Oxy-fuel combustion is the process of burning a fuel using pure oxygen, or a mixture of oxygen and recirculated flue gas, instead of air. Since the nitrogen component of air is not heated, fuel consumption is reduced, and higher flame temperatures are possible. Historically, the primary use of oxy-fuel combustion has been in welding and cutting of metals, especially steel, since oxy-fuel allows for higher flame temperatures than can be achieved with an air-fuel flame. It has also received a lot of attention in recent decades as a potential carbon capture and storage technology.

There is currently research being done in firing fossil fuel power plants with an oxygen-enriched gas mix instead of air. Almost all of the nitrogen is removed from input air, yielding a stream that is approximately 95% oxygen. Firing with pure oxygen would result in too high a flame temperature, so the mixture is diluted by mixing with recycled flue gas, or staged combustion. The recycled flue gas can also be used to carry fuel into the boiler and ensure adequate convective heat transfer to all boiler areas. Oxy-fuel combustion produces approximately 75% less flue gas than air fueled combustion and produces exhaust consisting primarily of CO_{2} and H_{2}O (see figure).

==Economy and efficiency==
The justification for using oxy-fuel is to produce a CO_{2} rich flue gas ready for sequestration. Oxy-fuel combustion has significant advantages over traditional air-fired plants. Among these are:

- The mass and volume of the flue gas are reduced by approximately 75%.
- Because the flue gas volume is reduced, less heat is lost in the flue gas.
- The size of the flue gas treatment equipment can be reduced by 75%.
- The flue gas is primarily CO_{2}, suitable for sequestration.
- The concentration of pollutants in the flue gas is higher, making separation easier.
- Most of the flue gases are condensable; this makes compression separation possible.
- Heat of condensation can be captured and reused rather than lost in the flue gas.
- Because nitrogen from air is absent, nitrogen oxide production is greatly reduced.
- If the fuel contains sulfur, sulfuric acid can possibly be recovered instead of being released as a dangerous environmental pollutant or "lost" in flue gas desulfurization.

Economically speaking this method costs more than a traditional air-fired plant. The main problem has been separating oxygen from the air. This process requires much energy, nearly 15% of production by a coal-fired power station can be consumed for this process. However, a new technology which is not yet practical called chemical looping combustion can be used to reduce this cost. In chemical looping combustion, the oxygen required to burn the coal is produced internally by oxidation and reduction reactions, as opposed to using more expensive methods of generating oxygen by separating it from air.

At present in the absence of any need to reduce CO_{2} emissions, oxy-fuel is not competitive. However, oxy-fuel is a viable alternative to removing CO_{2} from the flue gas from a conventional air-fired fossil fuel plant. However, an oxygen concentrator might be able to help, as it simply removes nitrogen.
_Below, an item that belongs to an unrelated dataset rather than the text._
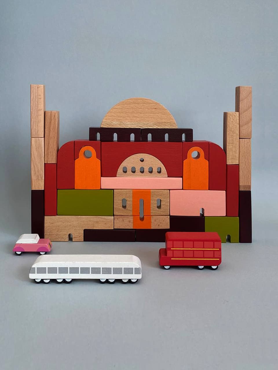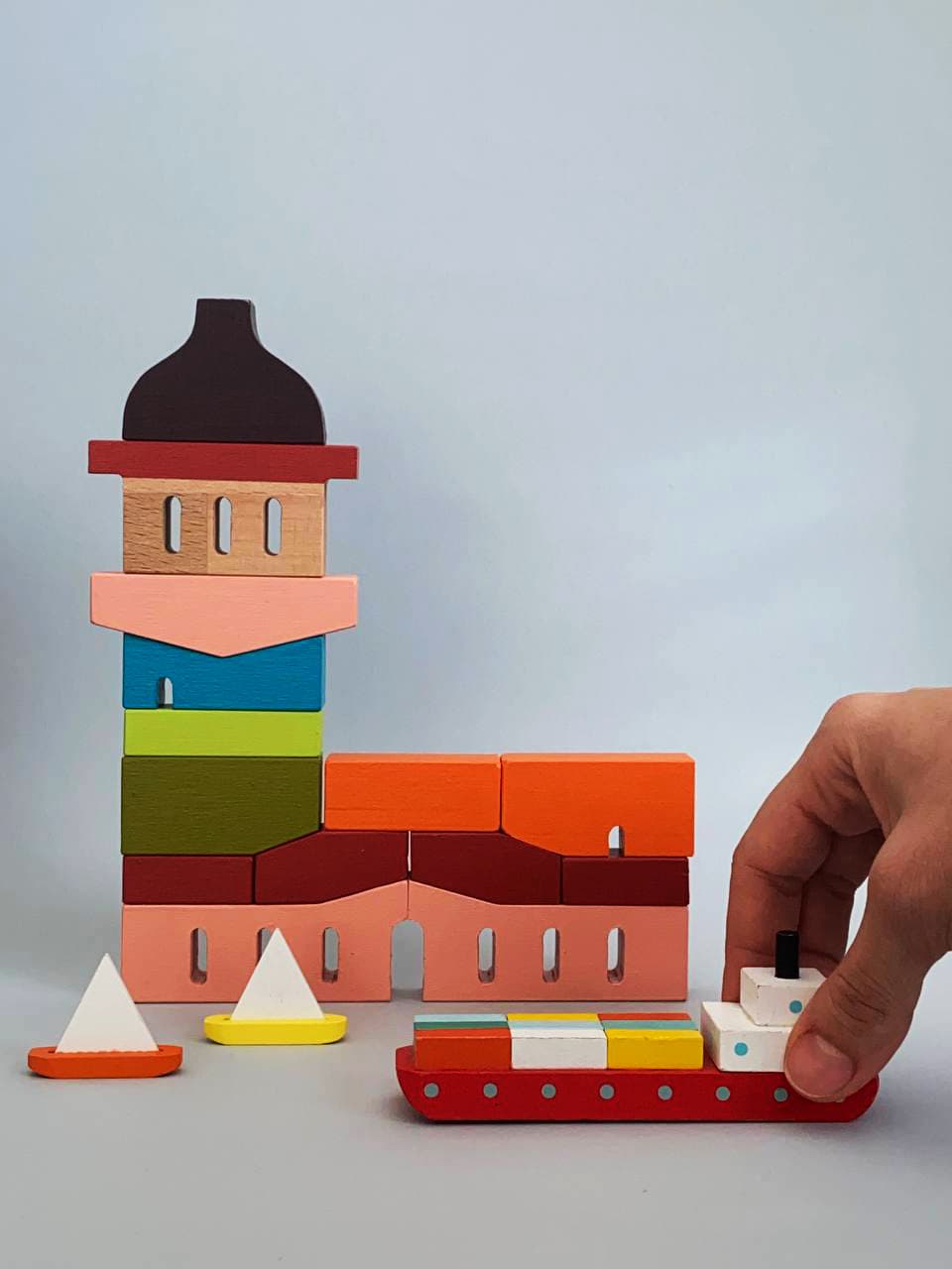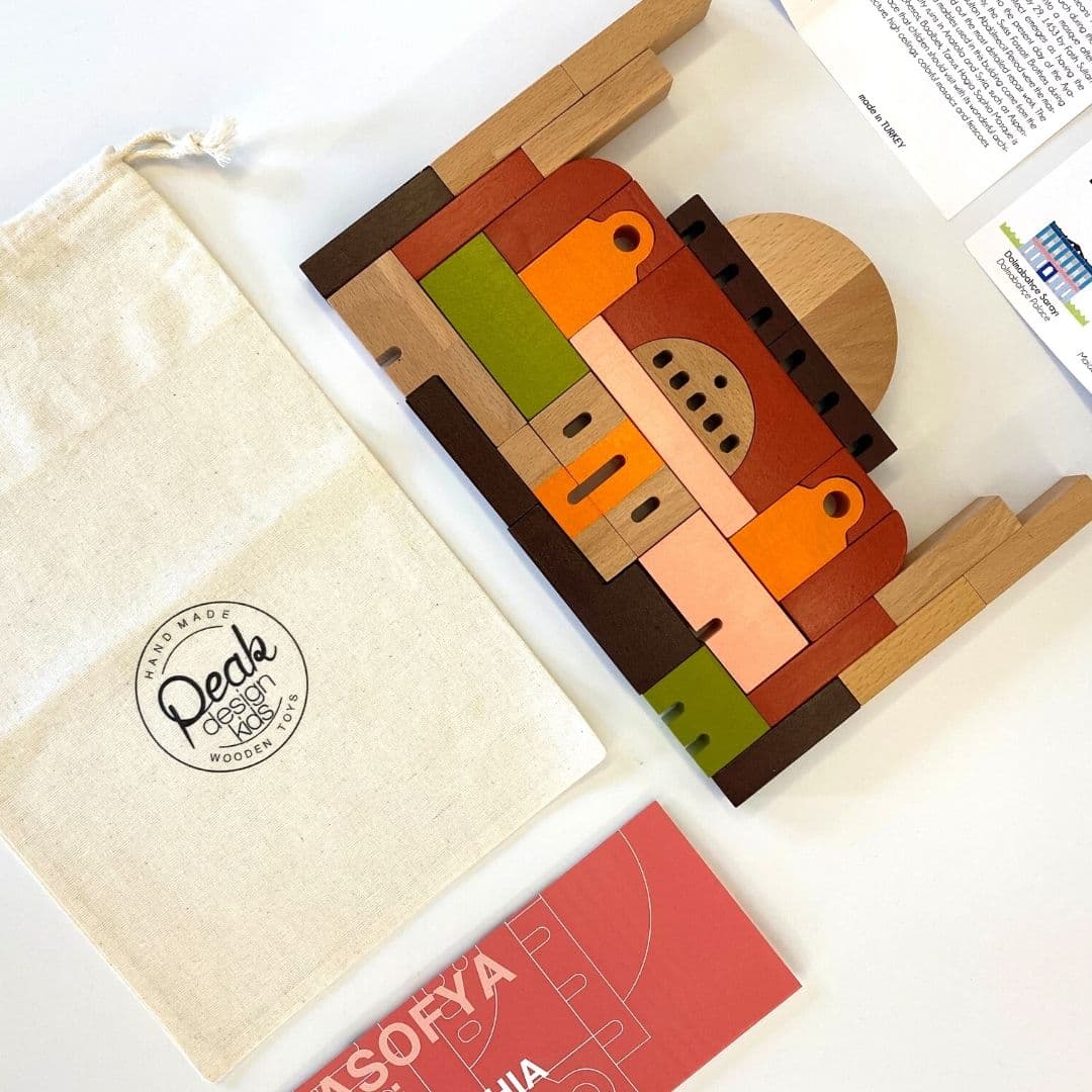 EŞB: Az önce de bahsettiğim gibi bir oyuncak markası oluştururken temel değişmezlerim oluştu. Bunlar; öncelikle malzemenin doğallığı ve kalitesi, çocuklara şehirlerin ya da ülkelerin kültürel sembolleri hakkında bilgi sahibi olmalarını oyunla sevdirerek sağlamak. Tüm bunlar ışığında herkesin sevdiği ya da bir anısına dokunan yapıları içselleştirerek yalınlaştırma yöntemiyle önce tasarlıyorum. Objeleri tasarlarken, tam olarak çağrışım yapmamasına özen gösteriyorum. Çünkü eğer bir parça, gerçek anlamda “bir şeye benzerse” çocuğun yaratıcılığını şekillendireceğine inanıyorum. Ardından parçaların birbirleriyle ilişkisi, çocuğun sadece yapı kurmaktan ziyade birbirleriyle geometrik formlarla denge kurması ya da kuramaması bununla ilgili bir şeyler öğrenmesini sağlamak bence çok önemli.

In industries other than power generation, oxy-fuel combustion can be competitive due to higher sensible heat availability. Oxy-fuel combustion is common in various aspects of metal production.

The glass industry has been converting to oxy-fuel since the early 1990s because glass furnaces require a temperature of approximately 1500 degrees C, which is not economically attainable at adiabatic flame temperatures for air-fuel combustion unless heat is regenerated between the flue stream and the incoming air stream. Developed in the mid-19th century, glass furnace regenerators are large and expensive high temperature brick ducts filled with brick arranged in a checkerboard pattern to capture heat as flue gas exits the furnace. When the flue duct is thoroughly heated, air flow is reversed and the flue duct becomes the air inlet, releasing its heat into the incoming air, and allowing for higher furnace temperatures than can be attained with air-fuel only. Two sets of regenerative flue ducts allowed for the air flow to be reversed at regular intervals, and thus maintain a high temperature in the incoming air. By allowing new furnaces to be built without the expense of regenerators, and especially with the added benefit of nitrogen oxide reduction, which allows glass plants to meet emission restrictions, oxy-fuel is cost effective without the need to reduce CO_{2} emissions. Oxy-fuel combustion also reduces CO_{2} release at the glass plant location, although this may be offset by CO_{2} production due to electric power generation which is necessary to produce oxygen for the combustion process.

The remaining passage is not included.